◆ WHAT YOU WILL DO:
Starting with the line that holds "Zu den Linden" and stopping after the line that holds "Etlische Kunsthandwerker bereicherten", repeat the lines below word for word, without the pictures.

◆ DATA RECORDS:
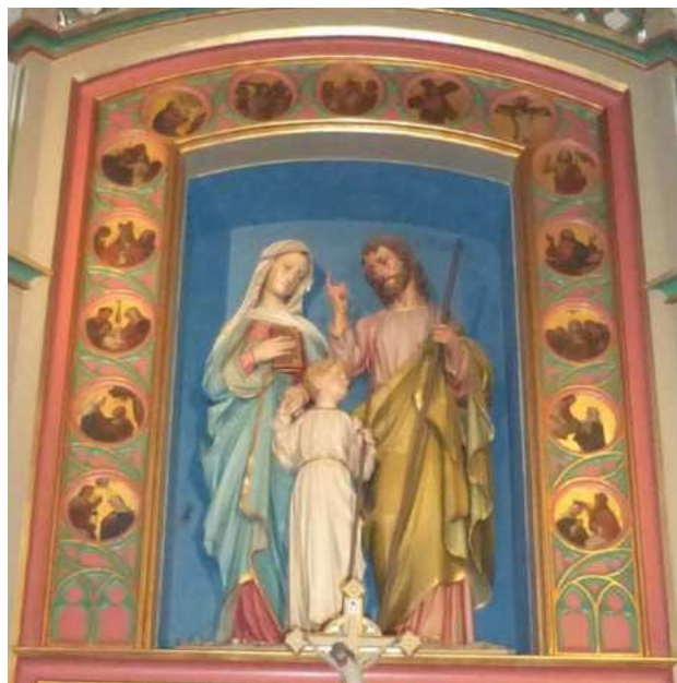
Statue der hl. Familie am Hochaltar, umgeben von Medaillons mit den Rosenkranz-Geheimnissen

„Das Stiftskapitel ist bereit, die Gründung einer neuen Pfarre Ertl dadurch zu fördern, dass es einen entsprechenden Teil der Pfarre St. Michael a. B. an die neu zu gründende Pfarre Ertl abtreten will. Dagegen erklärt sich das Stiftskapitel außerstande, für die Gründung der geplanten Pfarre die bisherige Pfarre St. Michael ganz unterdrücken zu lassen und auf jedenfall außerstande, die neue Pfarre Ertl zu übernehmen.“
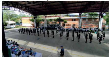
Presentación Banda Marcial Joaquinense.
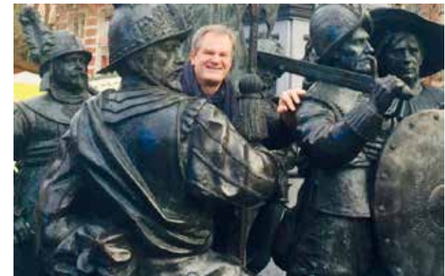
Rembrandt Platz – Amsterdam
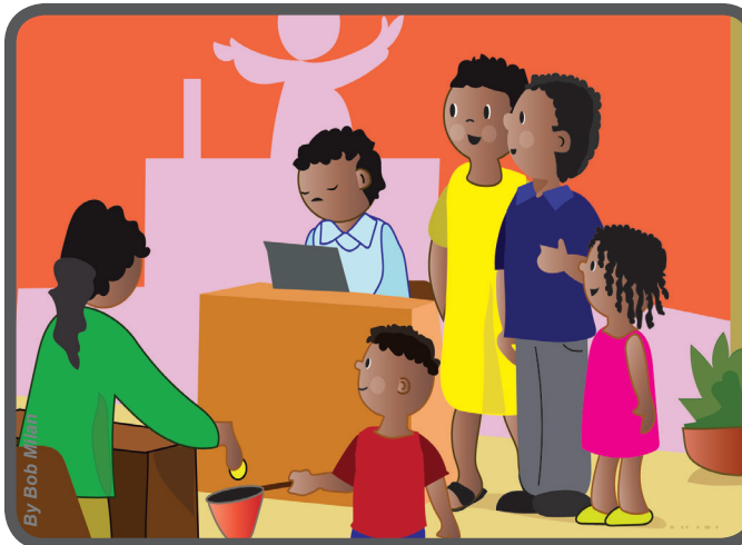
Junto con algunos adultos cantaron durante la misa y pidieron alguna ayuda para estos enfermos.
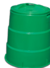
生ごみ処理容器のイメージ▶
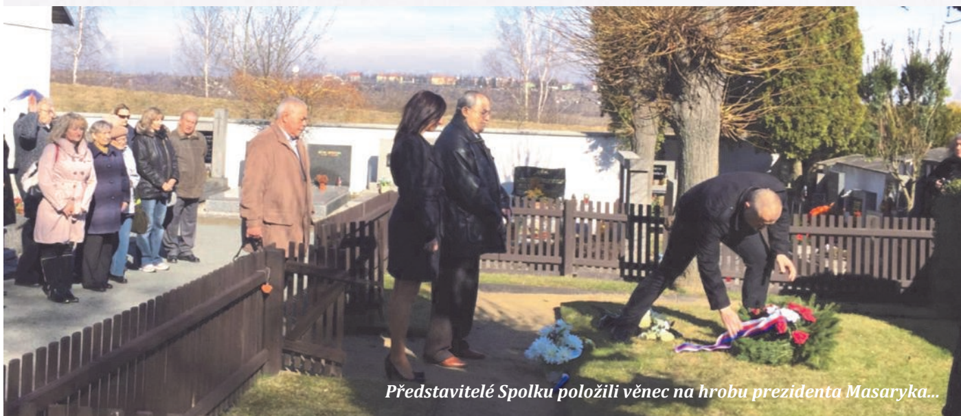
Představitelé Spolku položili věnec na hrobu prezidenta Masaryka...

U příležitosti 167. výročí narození prvního československého prezidenta Tomáše Garrigue Masaryka, jsme v sobotu 4. března 2017 uskutečnili návštěvu Lán v rámci akce Den s T.G.M. , kterou organizovalo Muzeum T. G. Masaryka v Lánech. Spolek pro zachová-
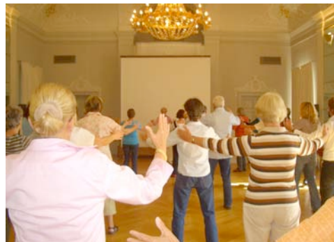
rege Publikumsbeteiligung am Qi-Gong
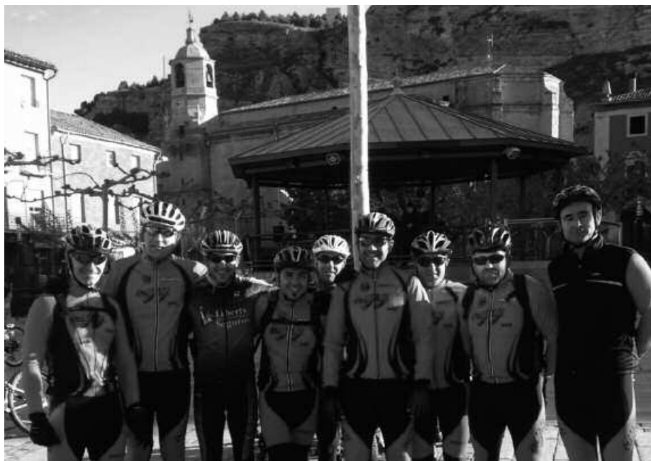
60 kilometroko martxa osatu zuten Usurbildik abiatu ziren bederatzi lagunek.

Apirilaren 21ean, Lodosako X. Martxa burutu zen Nafarroako erriberan, eta bertan izan ziren Usurbilgo Irisasi BTT taldeko bederatzi partaide. "Eguraldi ezinhobea izan zuten gure txirriindulariek probaren hasiera-hasieratik, eta
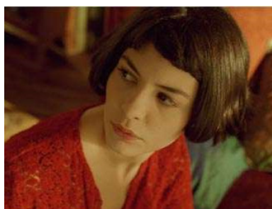
FIGURA 03 – AMÉLIE POULAIN

Still do filme “O Fabuloso Destino de Amélie Poulain” (2001) de Jean-Pierre Jeunet.
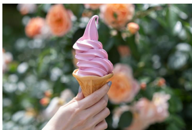
ローズソフト 400円（税込）
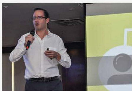
VII CONGRESO INTERNACIONAL 2019

Agradecemos a cada uno de nuestros conferencistas por su compromiso e impecable presentación.
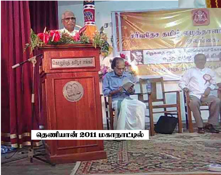
தெனியான் 2011 மகாநாட்டில்

இலங்கையில் மல்லிகை, ஞானம், கனடா காலம் முதலான கலை, இலக்கிய இதழ்கள் தெனியானை அட்டைப்பட அதிதியாகவும் பாராட்டி கௌரவித்துள்ளன. வடபுலத்தின் அடிநிலை மக்களின்
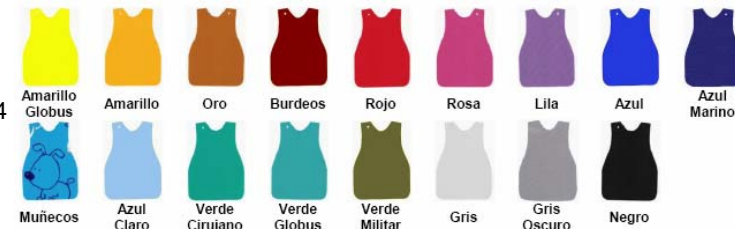
AN40 - S
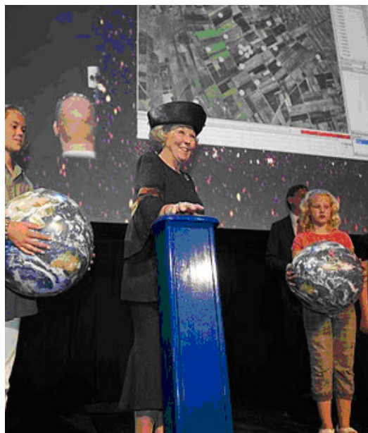
Koningin Beatrix verricht de officiële openingshandeling van radiotelescoop LOFAR door het drukken op een knop.

Aanmelden/afmelden voor deze nieuwsbrief kan via de website http://lofarzone.nl/nieuwsbrieven
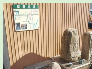
井口堂道標(池田市)
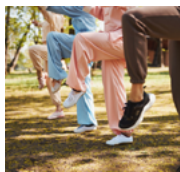
yoga | taichi
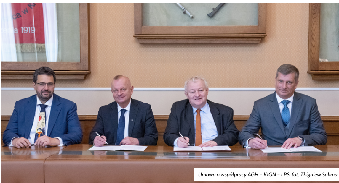
Umowa o współpracy AGH – KIGN – LPS
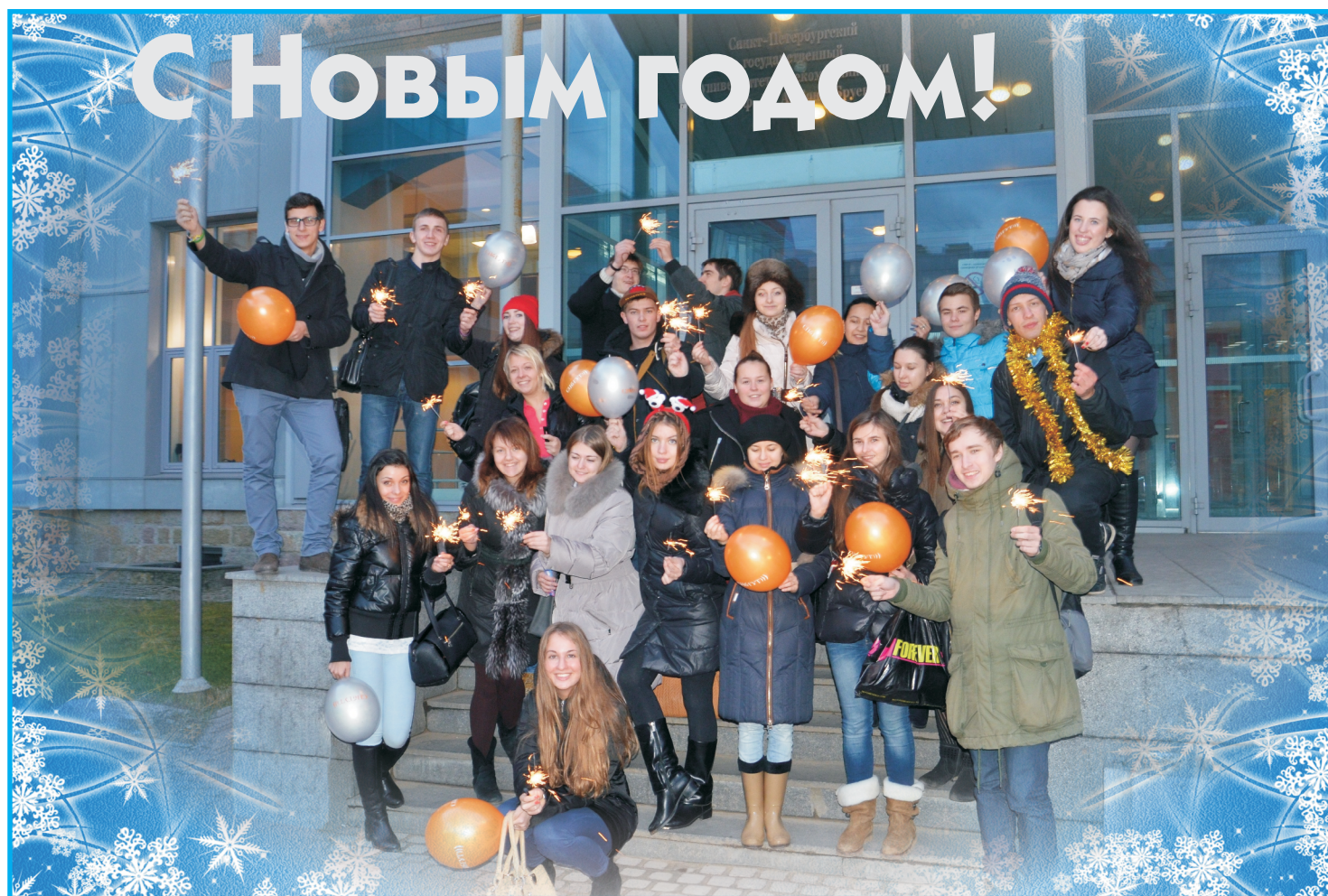
Студенты факультетов ГФ и ИКСС — победители «Кубка ректора — 2013»
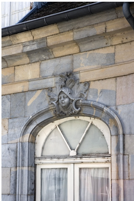
Détail de la sculpture sur l'arc de la porte-fenêtre : façade postérieure de la maison. 25, Besançon, 3, 5 rue de la Convention, lieudit : îlot Boitouset
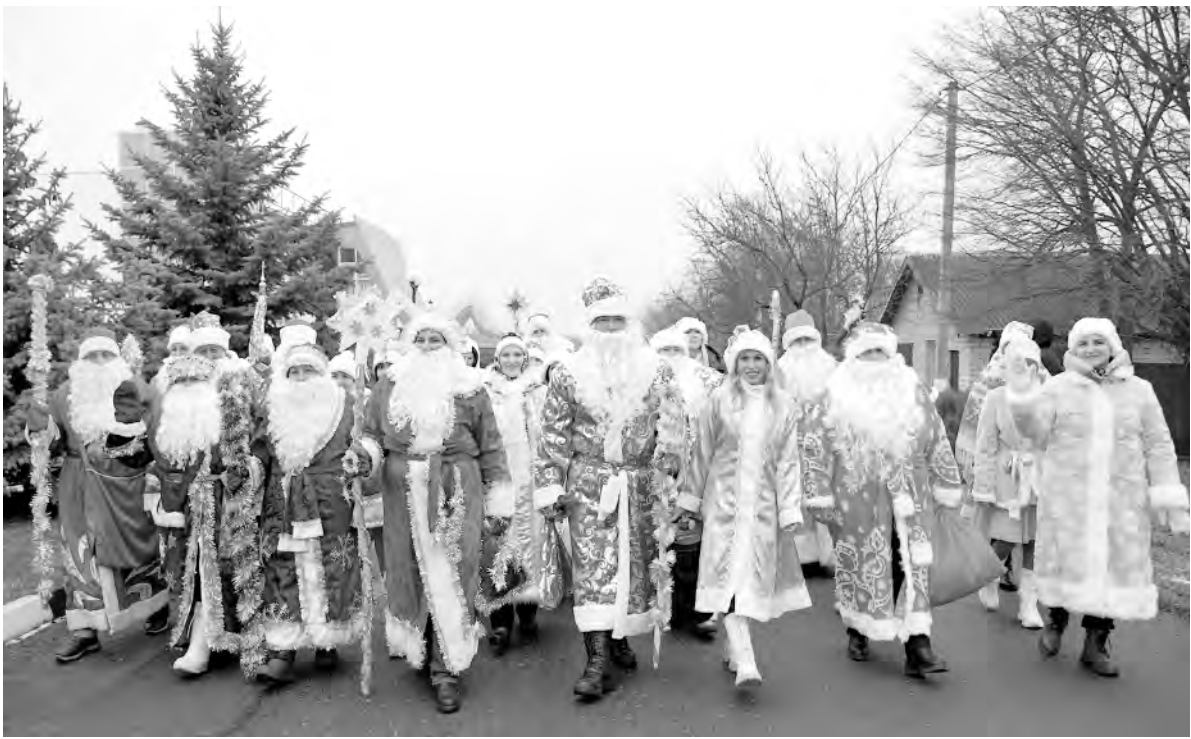
Парад сказочных персонажей стал зрелищным открытием новогодних праздников.
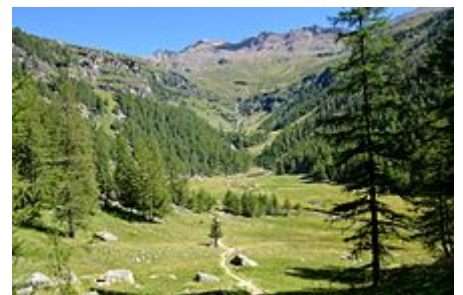
Val di Rabbi
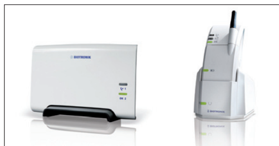
Figura 4 - CardioMessenger II-S e II.
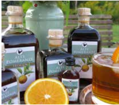
Bitterlikör aus der Gutshausmanufaktur

Zu den Linden 1 18239 Satow - OT Gorow schlossgut-gorow.de info@schlossgut-gorow.de Telefon: +49 (0) 38207 - 7537 0
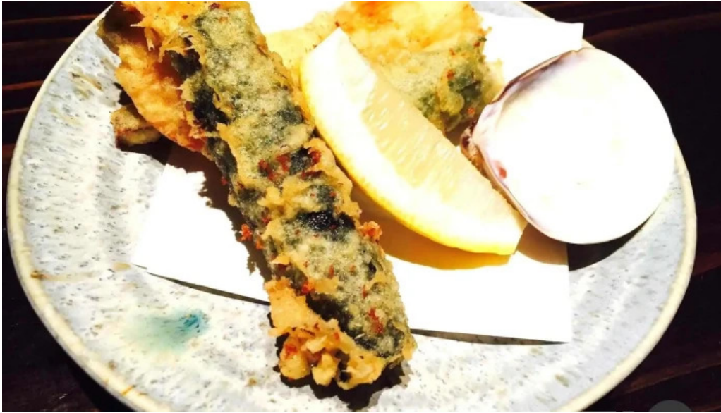
旬菜 ゆるり家 天ぷら
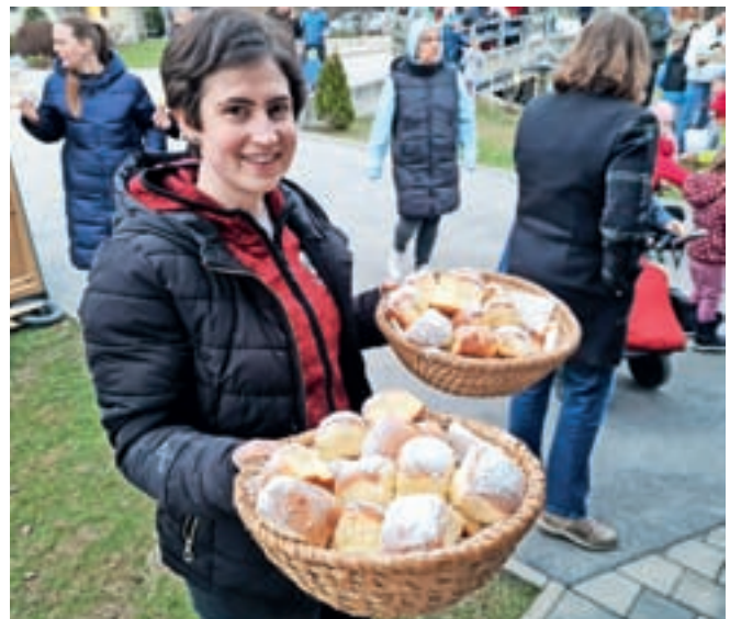
Iz kuhinje ljubiteljskega etnologa vedno diši po čem sladkem, sveže pečenem ...
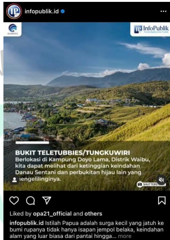
Gambar 3.2 Screenshot Video Infografis

praktikan jelaskan terlebih dahulu, bahwa dalam hal pembuatan konten video, portal berita Infopublik.id dan Indonesia.go.id tergabung menjadi satu.
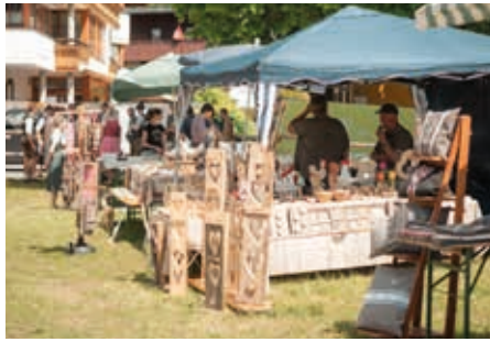
Etlische Kunsthandwerker bereicherten das Fest.
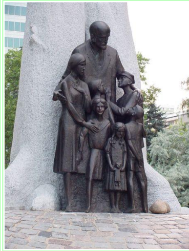
Das Korczak-Denkmal in Warschau, Polen

◆ OUTPUT FOR THIS TASK:
Zu den Linden 1 18239 Satow - OT Gorow schlossgut-gorow.de info@schlossgut-gorow.de Telefon: +49 (0) 38207 - 7537 0
旬菜 ゆるり家 天ぷら
Iz kuhinje ljubiteljskega etnologa vedno diši po čem sladkem, sveže pečenem ...
Gambar 3.2 Screenshot Video Infografis

praktikan jelaskan terlebih dahulu, bahwa dalam hal pembuatan konten video, portal berita Infopublik.id dan Indonesia.go.id tergabung menjadi satu.
Etlische Kunsthandwerker bereicherten das Fest.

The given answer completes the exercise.